Almost all of the protective legislation would vanish or be diluted in the 1990s by William "Slick Willy" Clinton, leaving the savings of Americans once again completely at the mercy of financial racketeers with entirely predictable results.
1934:
The Securities and Exchange Commission (SEC) is created, theoretically to clean up the financial swindling industry which has ravaged the wealth of Americans. Franklin Roosevelt, having a puckish sense of humor and owing a favor or two to Joseph "Jittery Joe" Kennedy for cash received, appoints him as the SEC's first chairman.
As one of America's leading financial scam artists and stock market swindlers, Kennedy certainly knows how the crooks work. Roosevelt justifies the appointment by telling an advisor that it takes "a thief to catch a thief."

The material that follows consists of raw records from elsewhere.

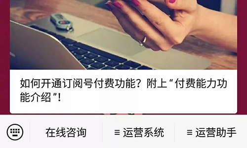 1、自定義菜單介紹訂閱號(hào)可以在會(huì)話(huà)界面底部設(shè)置自定義菜單,菜單項(xiàng)可按需設(shè)定,并可為其設(shè)置響應(yīng)動(dòng)作。用戶(hù)可以通過(guò)點(diǎn)擊菜單項(xiàng),收到您設(shè)定的響應(yīng),如收取消息、跳轉(zhuǎn)鏈接...
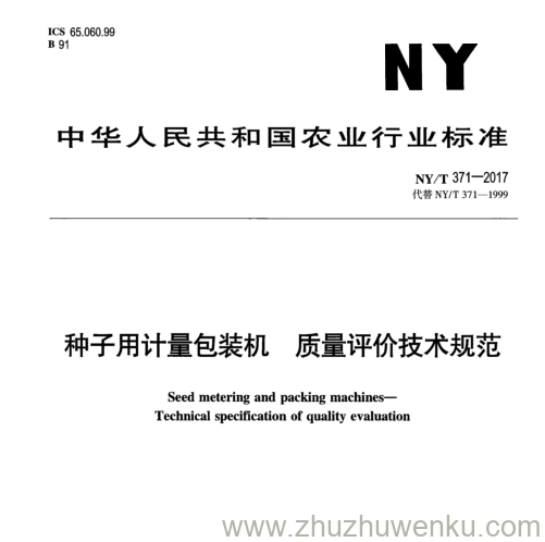 NY/T 371-2017 pdf下载 种子用计量包装机质量评价技术规范。 Seed metering and packing machines— Technical specification of quality evaluation.
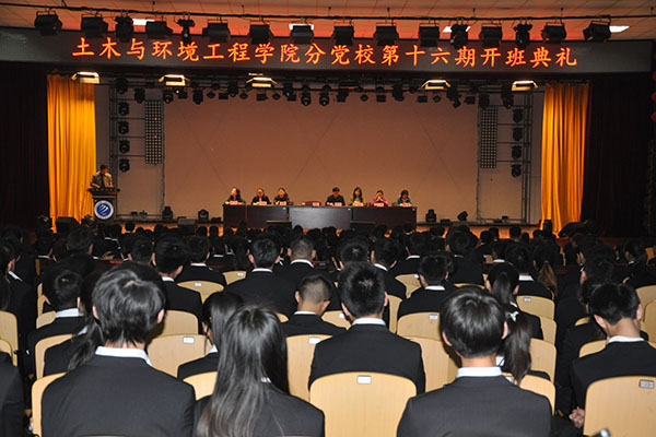 本网讯(通讯员:张杨 摄影:彭凯)4月5日中午,土木与环境工程学院第十六期入党积极分子培训班开班典礼在校大礼堂内隆重举行。土木与环境工程学院党总支书记、执行院长蒋亚龙,党总支副书记、行政副院长、分党校校长杨光,团总支书记、学管秘书魏高莉,学生党支部书记牛山林、王菁、何倍、盛翠娟,本期党校班主任赵群、田园以及200多名参训学员参加本次开班典礼。
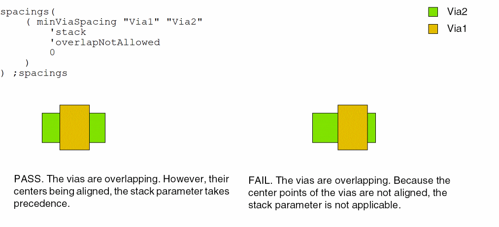 - Example 3: minViaSpacing with stack and overlapNotAllowed

You can't make this shit up.
Awesome post. There was a fight between the power brokers back then, I believe Joe tried to subvert the Rockerfeller/Red shield Ideology by planting his boys in their system. Having them infiltrate their schooling, learn their thinking and use it to gain power. Once Kennedy got the presidency he then spoke out against them and disagreed with the Asian policy they were trying to install at the time. http://www.youtube.com/watch?v=DxnpujfanUM This stuff runs deep and intertwines with the mafia and organized religous institutions which by no coincidence label their own by http://dictionary.reference.com/browse/denomination.
I would only add that JP tesitified with a midget on his lap; presumably a PR stunt to create the impression that he cared about the "little people".
What a great read! Source, please?
David Pierre
Good post. The Government (and its vested/monied interests) are the 'enemy within' we have always been looking for. The system (Govt) is the biggest criminal in society. Empty the jails and fill it with the establishment
How you can believe that the "bad guys" only can exist in govt is beyond me. Go ahead, wipe out govt (would be fine with me), but don't cry (make up some other BS reason why things are so fucked up) when stuff continues to deteriorate.
That you can, on one hand, use the words "criminal" and "enemy" and on the other hand promote lawlessness (vacuum from NO govt) shows that you are lacking any sense of reason. Such is the case with those who have hidden agendas...
It's an issue of BIG = FAIL. And this goes to the bigness of the human population (overrunning the planet's resources- if there were plenty of resources people [like you] wouldn't be bitching about anything).
Agreed.
Instead, revoke the bank's charters and nationalize them.
You don't need a private banking system. But if you want one, it has to be 100% private - No public support, period.
Bingo.
A few, no a flood of, prosecutions would be welcome too.
GS believes it can't be material non-public information as long as the whole company knows.
The only schmuck in jail in the last couple of years is Madoff and that's only because he didn't buy a bank and go to the hand-out window. "Uncle, can you spare a billion?" That would have flushed him up and nobody would know who he is today.